Melalui akun Instagram pribadinya, Erick Thohir mengungkap kelegaan akhirnya bisa mendapatkan menu spesial tersebut. Dalam konten tersebut, Erick mengaku tak mau ketinggalan euforia BTS Meal, yang nantinya akan ia berikan untuk anak bungsunya yang juga merupakan seorang ARMY (penggemar BTS).
Baca juga : Capres Otoritas Versus Elektabilitas
Konten politik
Konten-konten bermuatan politik juga tak pernah lepas dari tokoh-tokoh politik dalam akun media sosialnya.

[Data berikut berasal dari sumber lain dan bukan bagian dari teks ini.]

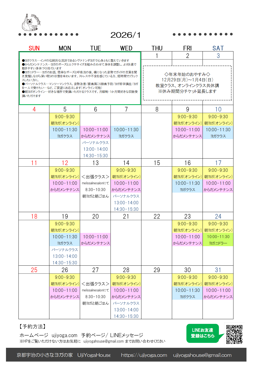 12月29日(月)~1月4日(日)教室クラス、オンラインクラス共休講
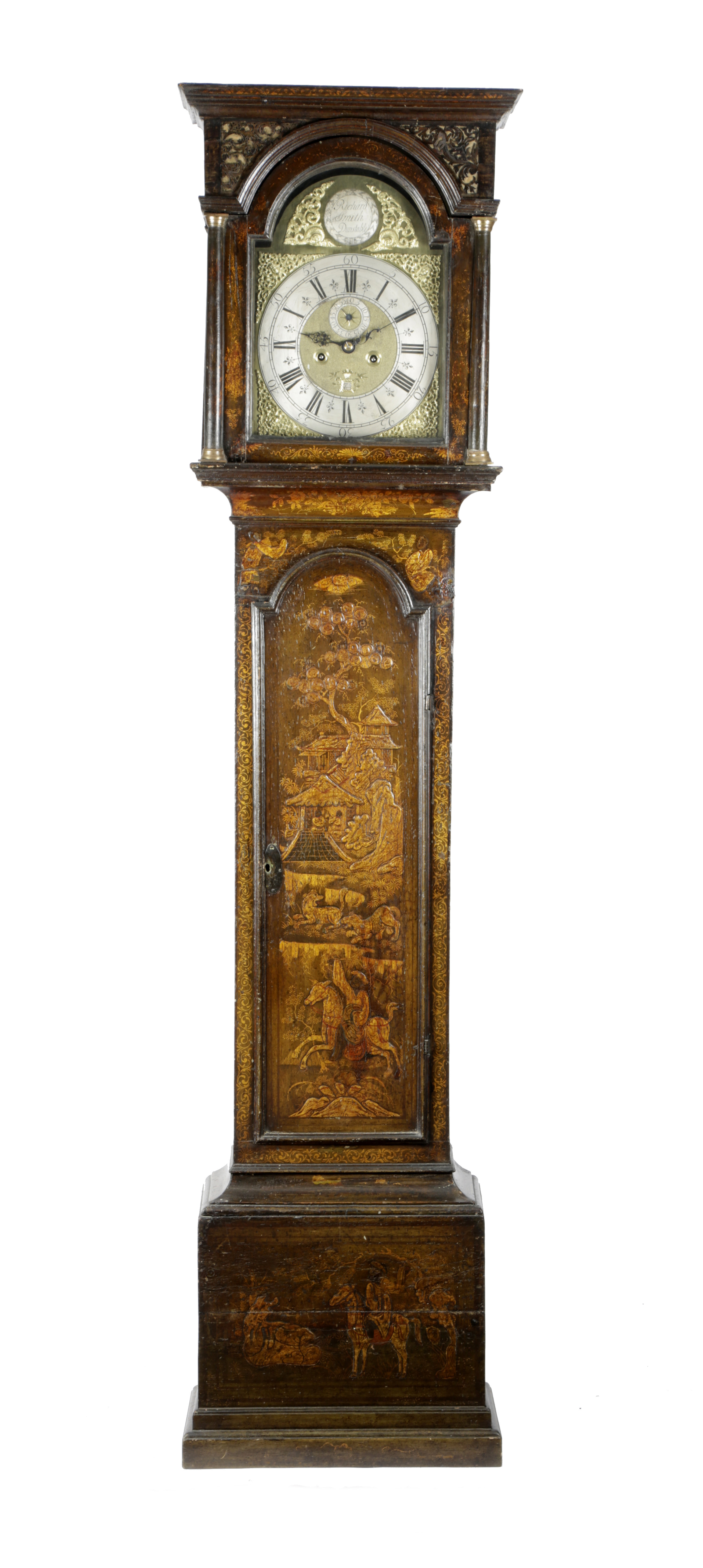 the brass eight day movement with four turned pillars and an anchor escapement, striking on a bell, the arched twelve inch dial wit a silvered chapter ring with Roman and Arabic numerals, the matted centre with a date aperture and subsidiary seconds dial, with gilt female mask spandrels, the arch with a signed rondel 'Richard Smith Dunstable', the case gilt decorated with chinoiserie scenes, with pagodas, animals and figures on horseback, the hood with fret spandrels
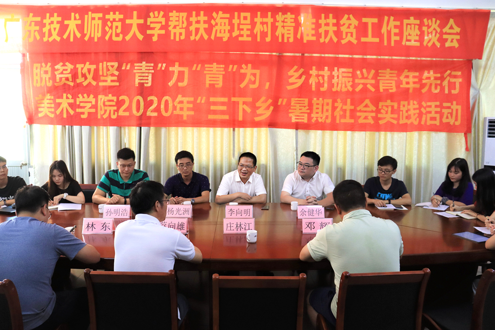 为深入贯彻落实2020年脱贫攻坚收官之年的各项工作,进一步了解我校驻村帮扶情况及各项工作进展情况,看望慰问驻村工作队及美术学院“同心筑梦队”大学生“三下乡”暑期社会实践队伍,7月27日,学校党委副书记李向明率团委、校长办公室等有关部门负责人到我校精准扶贫帮扶点惠来县海埕村开展工作调研,村两委干部、驻村工作队、三下乡暑期社会实践活动全体师生参加调研座谈会。
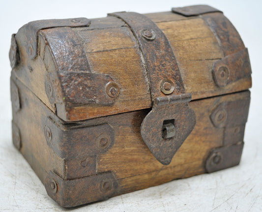 Vintage Wooden Small Half Round Storage Box Original Old Hand Crafted Metal Fitted
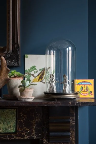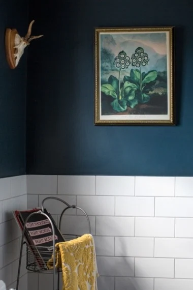 The house is totally transformed. Out is the bubbled blue wallpaper, and in are gorgeous dark hues of Farrow & Ball. Spot Hague Blue in the living room and bathroom, Downpipe in the bedroom and Plummet across the woodwork. Wendy explains, “It’s a dark house so we thought rather than trying to make it light with light paints – and it just being a bit shadowy – we said we’d embrace the darkness.”
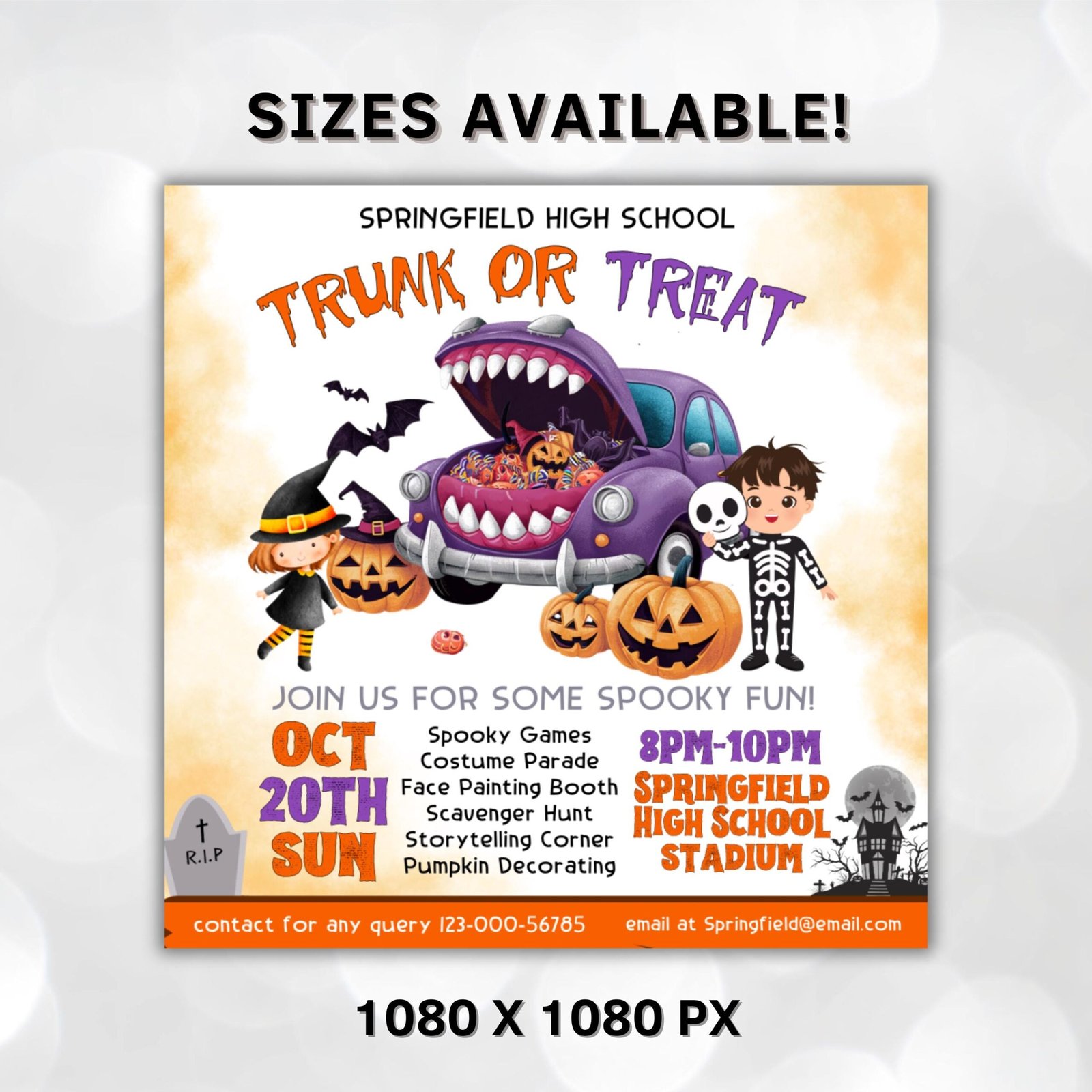 Make your Halloween event stand out with this amazing Trunk or Treat Flyer! It’s the perfect way to get guests excited and ready to celebrate. With its one-of-a-kind design and
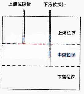 多數(shù)通用變頻器都能實現(xiàn)不同的條件運行不同的頻率。這在富士5000G11S/P11S系列變頻器中稱為多步頻率運行,在ABBACS510-01系列變頻器中稱為恒速運行。液位控制器就是要讓泵根據(jù)液位的情況來選擇不同的轉(zhuǎn)速,讓泵的運轉(zhuǎn)實現(xiàn)宏觀上的穩(wěn)定。如下圖所示,該控制器使用了兩個位置探針,可將泵池分為三個液位區(qū),當液體沒有接觸下液位探針時,變頻器工作在最低頻率區(qū);當液位處在兩探針中間時,變頻器工作在中頻率區(qū),當液位同時觸及兩個探針時,變頻器作在高頻率區(qū)。
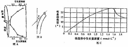 (4)切除玉米胚芽鞘的顶端,然后在其左侧放置含有不同浓度生长素的琼脂块,保持在黑暗中12h。胚芽鞘可能向右弯曲,弯曲角度如图B所示。
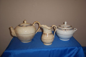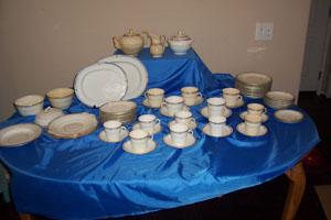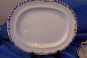 69 Piece dinner ware set with each piece having a stamped hallmark of F. Primavesi & Sons Cardiff, Swansea & Newport. Beautiful gilt edging on each piece with 2 light blue pinstripes surround the edging and gilt design scrollwork on 3 sides of each piece. There is discoloration of some pieces and two coffee cups have hairline cracks. Set has dinner plates/dessert plates/teacups/coffee cups/saucers 3 chargers, 1 soup/salad bowl, 2 large bowls, teapot, creamer, sugar bowl 2 platters.
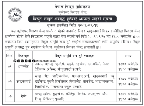 गोरखापत्र दैनिकमा एक सूचना जारी गर्दै प्राधिकरणको कुलेश्वर वितरण केन्द्रले थानकोट फिडर अन्तर्गतका विभिन्न क्षेत्रमा मध्यान्हबाट केही घण्टा बिजुली सेवा अवरुद्ध हुने जनाएको हो ।
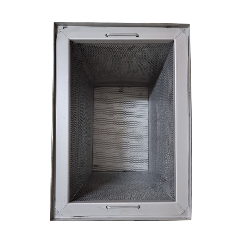 Kapacita: Perforovaný kôš je navrhnutý pre veľké objemy: naraz pojme až 19 veľkých rámikov (typu B, Čechoslovák, Jumbo atď.) alebo 25 menších rámikov (typu E, 39x17, 2/3 atď.).
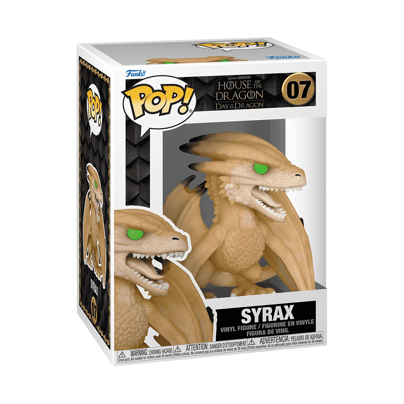 Welcome to the Dance of Dragons! The pursuit of legacy begins, and Pop! Syrax, Princess Rhaenyra’s dragon, wants to land in your Game of Thrones collection. Help unite her with Princess Rhaenyra and grow your Game of Thrones: House of the Dragon collection on a grand scale. Vinyl figure is approximately 3.77 in (9.6 cm) tall.
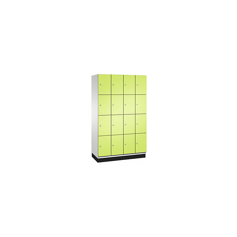 Armadietto a scomparti CAMBIO con porte in lamiera d'acciaio, 16 scomparti larghi 1200 mm, corpo grigio chiaro / anta verdino. Fornitura = montato. Altezza = 1950 mm. Profondità = 525 mm. Larghezza = 1200 mm. Colore corpo = grigio chiaro RAL 7035. Colore porta = verde azzurrognolo RDS 1108060. Serratura = serratura a cilindro differenziata. Numero scomparti in larghezza = 4 pz. Numero scomparti = 16 pz. Larghezza scomparti = 300 mm. Materiale = lamiera d'acciaio. Altezza armadietto = 1950 mm. Dotazione interna = senza dotazione interna. Larghezza interna = 262 mm. Altezza interna = 412 mm. Profondità interna = 480 mm. Tipo di porta = anta in lamiera piena. Numero chiavi = 2 pz. Altezza scomparti = 462.5 mm. Larghezza ripiani = 300 mm. Profondità ripiani = 525 mm. Altezza zoccolo = 100 mm. Struttura = con saldatura. Superficie = verniciatura. Struttura in acciaio di lunga durata con ante a battente in acciaio. Cerniere in alluminio/plastica. Finecorsa di apertura a 90°. Materiale corpo
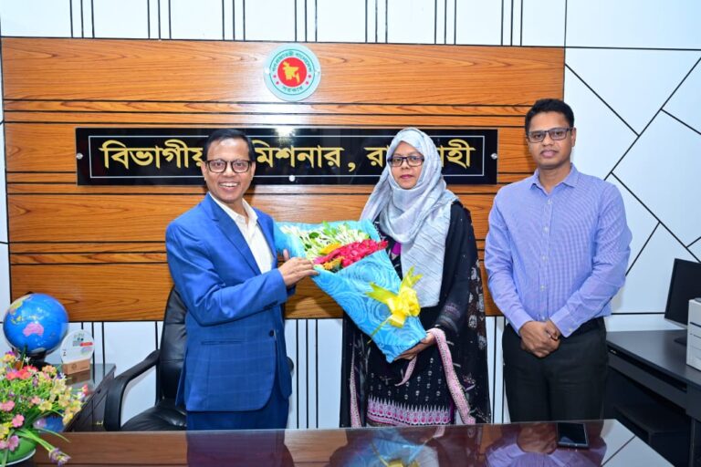 রাজশাহী জেলায় প্রথমবারের মতো নারী জেলা প্রশাসক (ডিসি) হিসেবে পদায়ন হয়েছেন আফিয়া আখতার। শনিবার (২ নভেম্বর) সন্ধ্যায় বিভাগীয় কমিশনার ড. দেওয়ান মুহাম্মদ হুমায়ূন কবীর নিজ কার্যালয়ে জেলার প্রথম নারী ডিসি আফিয়া আখতারকে শুভেচ্ছা জানিয়েছেন। তিনি আজ রোববার (৩ নভেম্বর) রাজশাহীর ১২৭তম জেলা প্রশাসক ও জেলা ম্যাজিস্ট্রেট হিসেবে যোগদান করবেন।
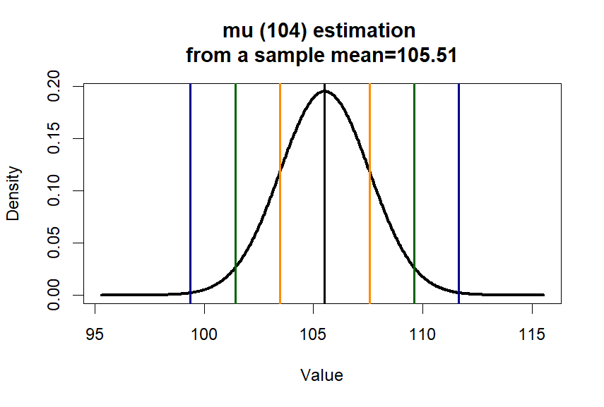 + main = paste0("mu (", m.p2, ") estimation \n", "from a sample ", "mean=", round(m.treated.s,2)),
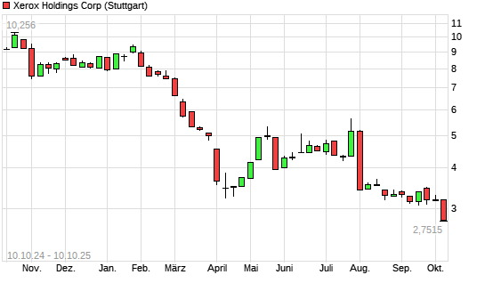 Mit dem Rücksetzer auf 2,98 EUR hat die Xerox-Aktie (ISIN US98421M1062) am 09.10.2025 ein neues All-Time-Low erreicht und damit den Kurs vom 08.10.2025 eingestellt.
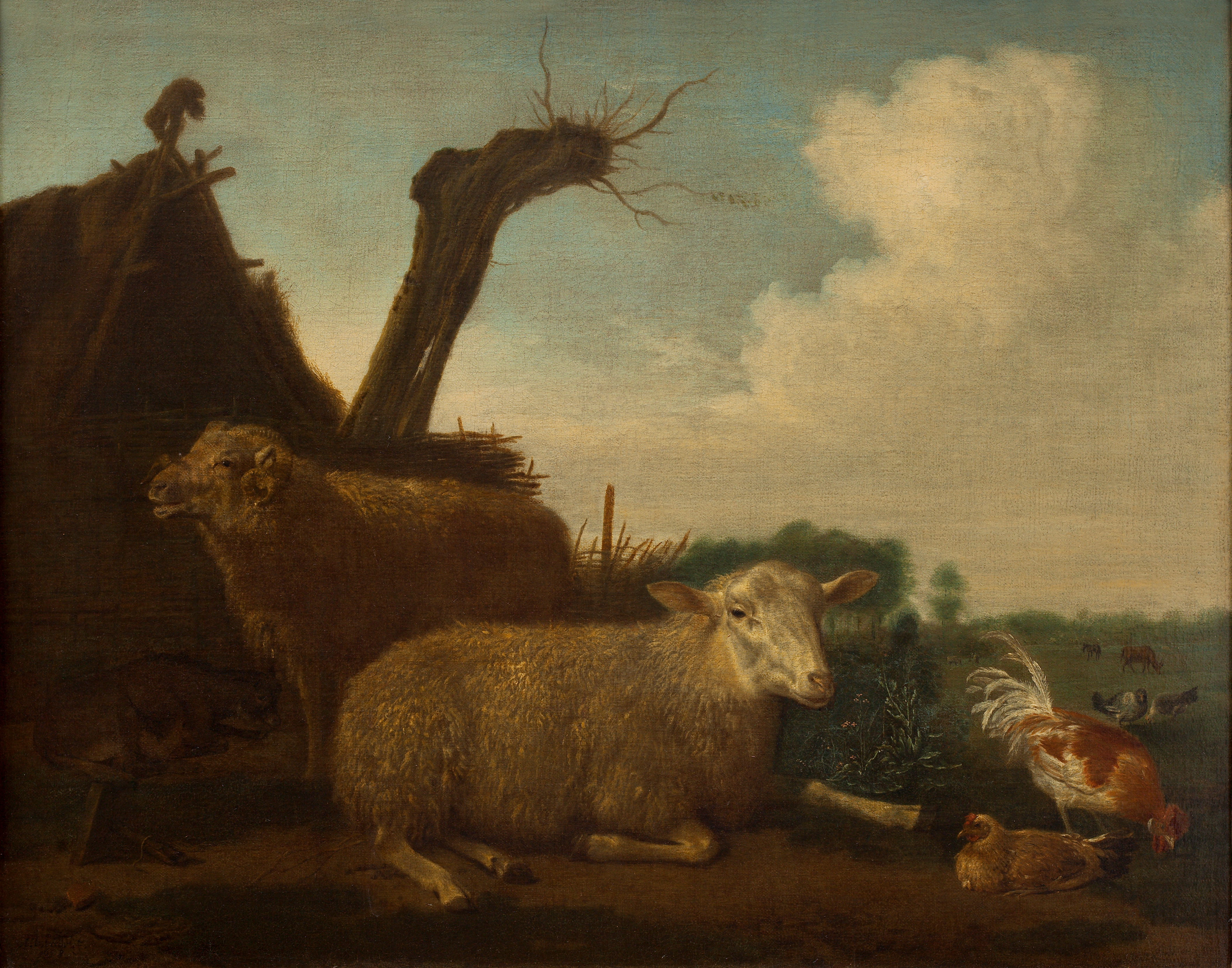 Hollandsk landskab med får, vædder, ged og fjerkræ foran en hytte, 1658
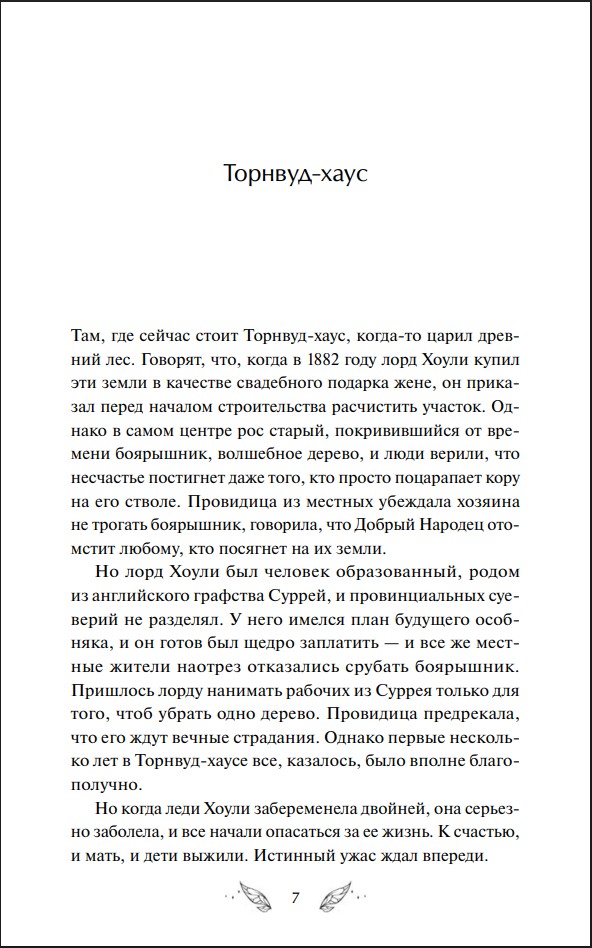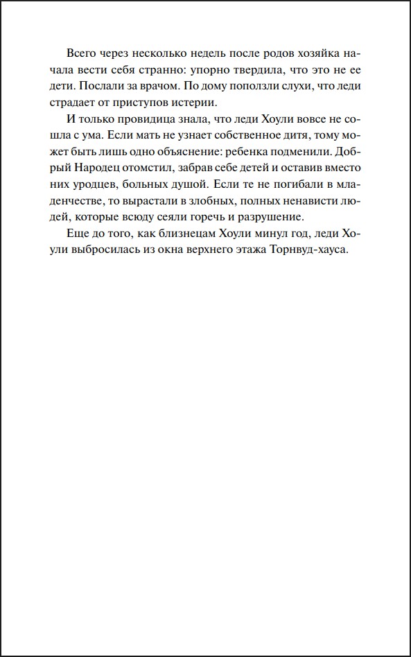 Сто лет назад Торнвуд принимал другого незваного гостя. Американский антрополог приехал в Ирландию, чтобы собирать предания о фейри. Его помощницей стала дочь фермера Анна – и вскоре девушка столкнулась с тайной, которая поставила под угрозу все, во что она верила. Свою историю Анна записывала в дневник, который теперь оказался в руках Сары...

Warganet tentu ingat bagaimana konten Instagram dari Anies Baswedan terkait sebuah buku.
Unggahan Gubernur DKI Jakarta yang sedang membaca buku How Democracies Die melalui akun Instagram ini menjadi pembicaraan warganet di dunia maya.
Buku How Democracies Die pun langsung dicari-cari oleh warganet.
Buku ini masuk dalam kategori buku fllsafat politik yang ditulis oleh duo Profesor Harvard, Steven Levitsky dan Daniel Zibllat. Keduanya menyebut demokrasi bisa mati karena kudeta atau mati pelan-pelan karena pemimpin yang otoriter.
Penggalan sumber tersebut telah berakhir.